::: DATA SUPPLIED

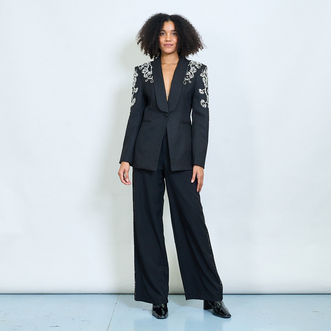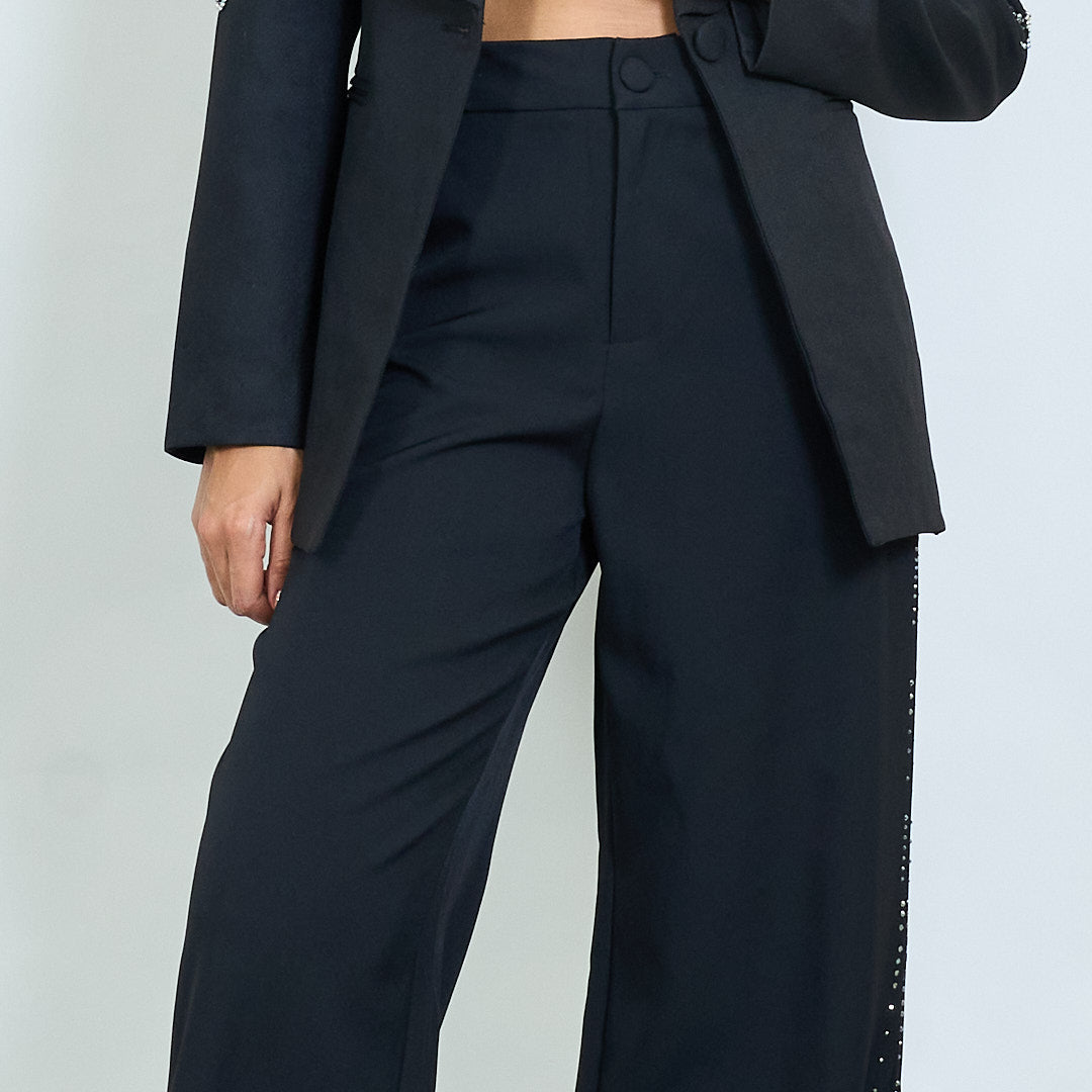 Προσαρμοσμένα παντελόνια με ευρύς πόδι με λεπτομέρειες χονδρικής πώλησης
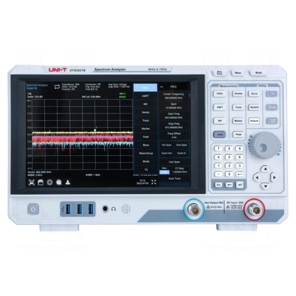 Analizator widma UTS3021B pracuje w zakresie częstotliwości od 9kHz do 2,1GHz przy rozdzielczości 1Hz. Urządzenie oferuje pomiar amplitudy z poziomem odniesienia mieszczącym się w zakresie od -100dBm do 30dBm. Za wizualizację danych odpowiada ekran dotykowy typu LCD TFT o przekątnej 10,1 cala i rozdzielczości 1280x800 pikseli.
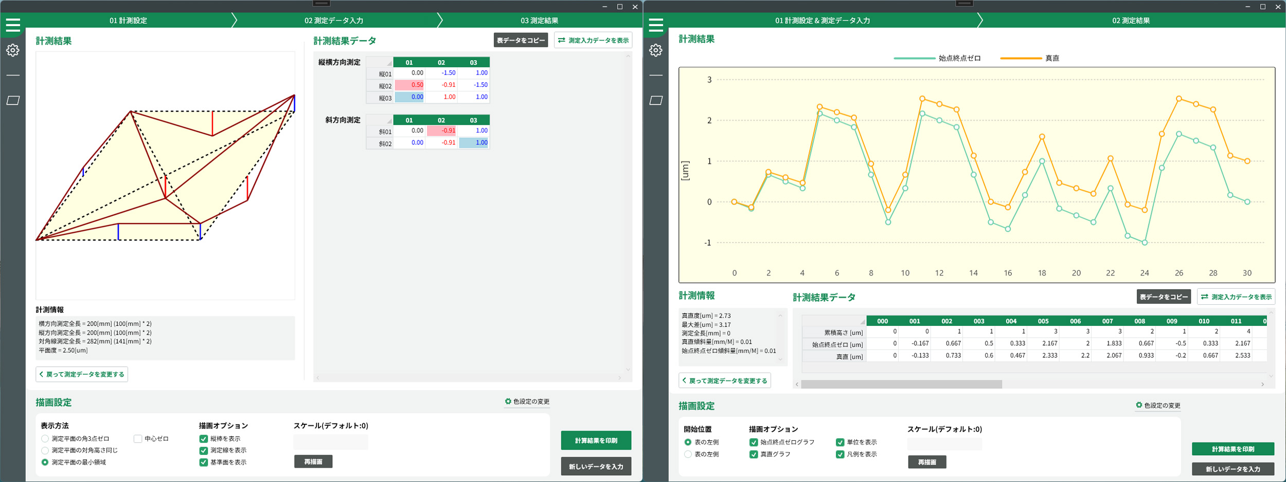 - ●計測と同時に自動計算、グラフ化、定盤の形状を視覚的に把握可能です。
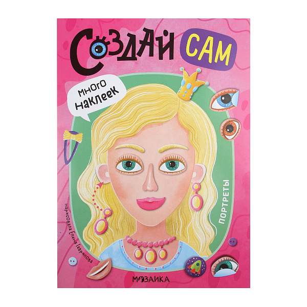 Книга «Создай сам: Портреты» — это творческий набор для создания уникальных образов с помощью наклеек. Внутри представлены страницы с пустыми лицами и большая коллекция наклеек с частями лица, которые можно по своему вкусу наклеивать на страницы.
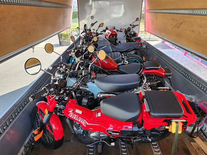 大型から小型まで、あらゆる二輪車両の陸送に対応。ハーレーやGL1800、ボスホス、サイドカーやトライクなど特殊車両もお任せください。最大10台のバイク、3台の三輪車両を同時積載可能。四輪車両との一括輸送にも対応します。

::::::

§ ASSIGNMENT
What you hand back should match the entries above exactly, except that no picture appears.

§ RESPONSE
 Προσαρμοσμένα παντελόνια με ευρύς πόδι με λεπτομέρειες χονδρικής πώλησης
 Analizator widma UTS3021B pracuje w zakresie częstotliwości od 9kHz do 2,1GHz przy rozdzielczości 1Hz. Urządzenie oferuje pomiar amplitudy z poziomem odniesienia mieszczącym się w zakresie od -100dBm do 30dBm. Za wizualizację danych odpowiada ekran dotykowy typu LCD TFT o przekątnej 10,1 cala i rozdzielczości 1280x800 pikseli.
 - ●計測と同時に自動計算、グラフ化、定盤の形状を視覚的に把握可能です。
 Книга «Создай сам: Портреты» — это творческий набор для создания уникальных образов с помощью наклеек. Внутри представлены страницы с пустыми лицами и большая коллекция наклеек с частями лица, которые можно по своему вкусу наклеивать на страницы.
 大型から小型まで、あらゆる二輪車両の陸送に対応。ハーレーやGL1800、ボスホス、サイドカーやトライクなど特殊車両もお任せください。最大10台のバイク、3台の三輪車両を同時積載可能。四輪車両との一括輸送にも対応します。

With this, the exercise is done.